Member of the Texas House of Representatives from the 90th district
- In office 1996–2014
- Succeeded by: Ramon Romero Jr.

Personal details
- Born: Lon Maxwell Burnam July 11, 1953 (age 73)
- Party: Democratic
- Spouse: Carol
- Education: University of Texas at Austin University of Texas at Arlington
- Profession: Politician

= Lon Burnam =

American politician (born 1953)

Lon Maxwell Burnam (born July 11, 1953) is a former member of the Texas House of Representatives for District 90, which encompasses downtown Fort Worth, Texas, and surrounding areas. A Democrat, Burnam is the former executive director of the Dallas Peace Center. He was initially elected to the state House in 1996.

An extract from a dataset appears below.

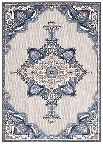 TAPISO Patio Tappeto Pelo Corto Soggiorno Cucina Design Moderno Motivo Astratto Vintage Tradizionale Effetto 3D Blu Beige Sala Salotto Balcone Indoor Interno Oeko-Tex 160 x 220 cm

On March 2, 2016, Burnam ran last with 269,853 votes (24.8 percent) in a three-candidate field in the Democratic primary election for the seat on the Texas Railroad Commission being vacated by the Republican David J. Porter. The two remaining Democratic candidates, Cody Garrett, who polled 382,647 votes (35.2 percent), and Grady Yarbrough, with 434,137 votes (40 percent), met in the May 24 runoff election to choose the party nominee for the position.

Burnam holds a bachelor's degree in government from the University of Texas at Austin. He holds two master's degree, one from UT-Austin and the second in municipal and regional planning from the University of Texas at Arlington. He is a member of the Society of Friends or the Quaker Church.

In 2007 when Representative Debbie Riddle authored HB1034 to amend the Texas pledge of allegiance to the state flag by adding the words "one state under God" in order to acknowledge our "Judeo-Christian heritage", Burnam challenged her, noting the many denominations present in Texas that do not align with that heritage. Representative Riddle replied, "The purpose of this bill is to have our state pledge mirror our national pledge. Our national pledge says, 'one nation under God.' [added 1954] I think it is altogether right and appropriate..." HB1034 passed May 4, 2007.

He was dragged out from a public meeting in August 2026.